DEFINITION OF BIG DATA

Like most fashionable and recently coined terms, the meaning of big data remains elusive, and even the simple question “how big is big data?” remains poorly answered. Although the term is often reserved for data sets so large or complex that traditional analytical approaches fail, big data can be used more broadly to refer to advanced analytical methods, no matter the size, type, or form [1]. Indeed, one important feature of big data resides in “inflation,” that is, the relative size increase of data over what is typical. This is a useful concept because the absolute size of big data will certainly differ between scientific fields; whereas the few gigabytes of data providing the mobile phone traces of a few millions users can be considered small compared with the 15 petabytes of data produced by the Large Hadron Collider annually, they represent a revolution in the area of social sciences and public health. Three "V" terms, volume, velocity, and variety, are frequently associated with big data, in reference to the quantities of data, the increasing speed of collection and use, and the many differing types and forms they arrive in [2, 3]. In addition, qualifiers such as veracity, validity, volatility, and value have been put forward to address the need for accuracy, staying power, and utility of these data.

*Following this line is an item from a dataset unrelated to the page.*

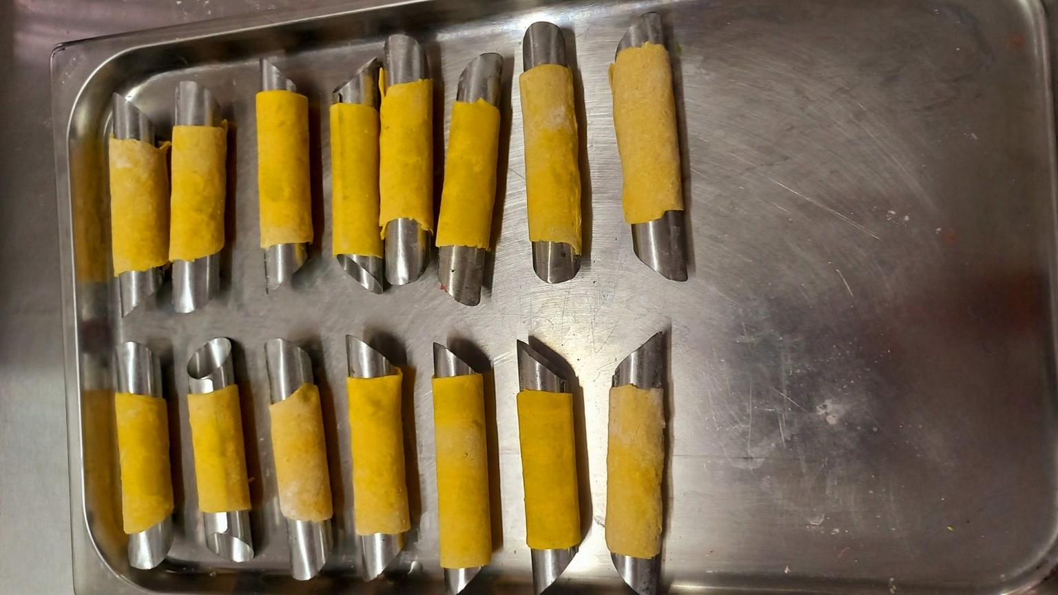 Шеф-кухар поділився професійним секретом приготування тіста для канолі – від замішування до правильного розкачування та формування. Здобувачі дізналися, як досягти потрібної еластичності тіста, а також зберегти структуру виробу після випікання.

THE DAWNING BIG-DATA ERA IN INFECTIOUS DISEASES

The pillar of infectious disease control has always been surveillance systems tracking diseases, pathogens, and clinical outcomes [4]. Traditional surveillance systems, however, are notorious for severe time lags and lack of spatial resolution; systems that are robust, local, and timely are thus critically needed. Monitoring and forecasting of emerging and reemerging infections are of particular interest [5], including pandemic influenza, Middle East respiratory syndrome, severe acute respiratory syndrome, Ebola, Zika, and drug-resistant pathogens.

Sectors such as marketing or meteorology have perfected the art of real-time acquisition and analysis of highly resolved digital data, providing a detailed lens on human social behavior and our physical environment. In public health, however, critical surveillance systems remain primarily based on manually collected and coded data, slow to amass and expensive, and difficult to disseminate for analysis. Furthermore, reporting from these systems tends to be national or regional with little in the way of information about diseases at the local level. A new era fortunately seems to be dawning in which surveillance systems are strengthened by big-data streams, including electronic health (e-health) patient records, and non-traditional digital data sources, such as social media, Internet, mobile phones, and remote sensing. For this special issue, we invited a group of multidisciplinary experts in epidemiology, computer science, and modeling to reflect on the recent achievements of big data for infectious disease surveillance and modeling, identify important challenges and opportunities, and share their vision on where the field is headed.

SCOPE OF THIS ISSUE

This special issue includes nine articles that cover a variety of infectious diseases and methods to illustrate use of big data, relying on three types of electronic data streams: medical encounter data, participatory syndromic data, and nonhealth digital data.

Medical encounter data include electronic records from healthcare facilities, medical insurance claims, hospital discharge records, and death certificates. Such data streams provide information on disease status (here disease is defined broadly as a collection of symptoms, confirmed infection, or a drug or vaccine-related adverse event) and can be monitored at the individual level or aggregated geographically before reporting.

Participatory syndromic data are crowd-sourced data in which volunteers self-report an array of symptoms. These data streams do not provide confirmed infection status for specific pathogens but provide individual-level health data in near real time.

In contrast, nonhealth digital data do not depend on a particular patient or medical encounter but instead derive from use of Internet search engines, social media, or mobile phones. In addition to self-reporting of health outcomes, these data streams also provide information on health-related behavior, including contact and travel patterns, vaccine status and sentiments, which are key ingredients for understanding and modeling disease transmission.

The nine articles in this issue propose ways to advance monitoring, inference, and forecasting of disease outbreaks and transmission patterns. Below, we organize the contributions in two broad themes, disease surveillance and modeling, and introduce each article briefly.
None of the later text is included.